As with non-ELT conferences, the CPD from ELT conferences emerges as the major contributor to professionalism. Aubrey & Coombe (2010) targeted both participants and non-participants in the TESOL Arabia conference. The inclusion of non-participants in the sample is a marked but welcome departure from other studies, which focus on those privileged enough to have funding and time to attend conferences, and an interesting initial finding is that non-participants were also active in a range of CPD, i.e., they could construct a professionalism independent of conferences, and of TAs. Regarding the participants, the CPD impact of conferences was valued most, although, in contrast to the findings of Shannon et al. (2019) cited earlier, the majority of teachers doubted that this would actually lead to changes in their own practice.

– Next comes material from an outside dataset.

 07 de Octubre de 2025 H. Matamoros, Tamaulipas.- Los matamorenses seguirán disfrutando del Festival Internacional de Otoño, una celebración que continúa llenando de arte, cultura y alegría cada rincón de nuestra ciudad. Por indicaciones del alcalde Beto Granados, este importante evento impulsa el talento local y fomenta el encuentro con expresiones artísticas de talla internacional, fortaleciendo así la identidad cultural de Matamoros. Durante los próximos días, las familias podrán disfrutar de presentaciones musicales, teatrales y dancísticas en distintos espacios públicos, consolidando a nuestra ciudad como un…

Borg (2015) questioned teachers, also from the Persian Gulf, who had recently attended conferences and found three themes in the data: an increased skill set; networking; and professional confidence. The first of these is linked to improved practice, but this relies on teachers’ self-reporting rather than a verification instrument such as the follow-up lesson observations in Shannon et al. (2019). The second theme, networking, was investigated (Moore, Fisher & Baber, 2016) in an online context through a case study of an IATEFL web conference. Discourse analysis of web chat data found a range of discourse types, most of which were not related to the actual content of the session, for example, an off-topic discussion. However, given that 40% of the participants made no contributions to the web chat at all, it seems an over-statement to suggest that “networking and interacting with other ELT professionals are as important for participants at virtual events as for those attending face-to-face conferences” (p. 209).

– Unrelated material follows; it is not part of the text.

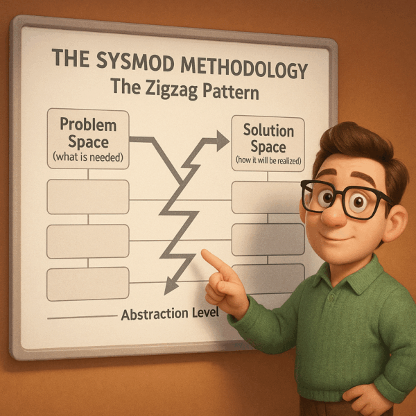 The SYSMOD methodology includes the Zigzag Pattern, which describes the zigzagging between the problem space (what is needed) and the solution space (how it will be realized). The following illustrates a basic framework of the problem-solution zigzag across several abstraction …

Borg’s (2015) elaboration of the third theme, professional confidence, deals inter alia with teachers’ self-belief and credibility, and as such pertains to identity. This is of particular interest because while teacher identity is a consistent part of the discourse of professionalism in ELT, see for example Crandall and Christison (2016, p. 11), in a climate where working conditions for many are poor and their contribution is seen as marginal, practitioners may feel that they are not “real teacher[s]” (Waldron, 2016, p. 11 [emphasis in original]) and lack a professional frame of reference. A very real impact of conferences on professionalism would be to bolster a fragile identity. Motteram’s (2016) study proposes this outcome. His content analysis of two surveys of IATEFL members found that attending the annual conference was linked to identity, which in turn connected them to an ELT community of practice in the Wenger (2000) sense. The conference was thus a means for teachers to confirm their identity and contribute to a community with the shared beliefs and values that mark professionalism.
To conclude, three themes relevant to professionalism emerge from the analysis of both sets of literature. The first, and the most pronounced one, is CPD and how conferences are avenues for an enhanced knowledge base and skills set which allow teachers to perform at a level perceived as appropriate to professionalism. The second theme, which is inter-personal, is community and how conferences create solidarity and relationships that make professionalism a shared investment. The third one, which is intra-personal, is identity and how conferences fashion teachers’ self-image and the adoption of beliefs and values that constitute a personal projection of professionalism. For the purposes of this study, professionalism is thus conceived around the three interlinking concepts of CPD, community and professional identity.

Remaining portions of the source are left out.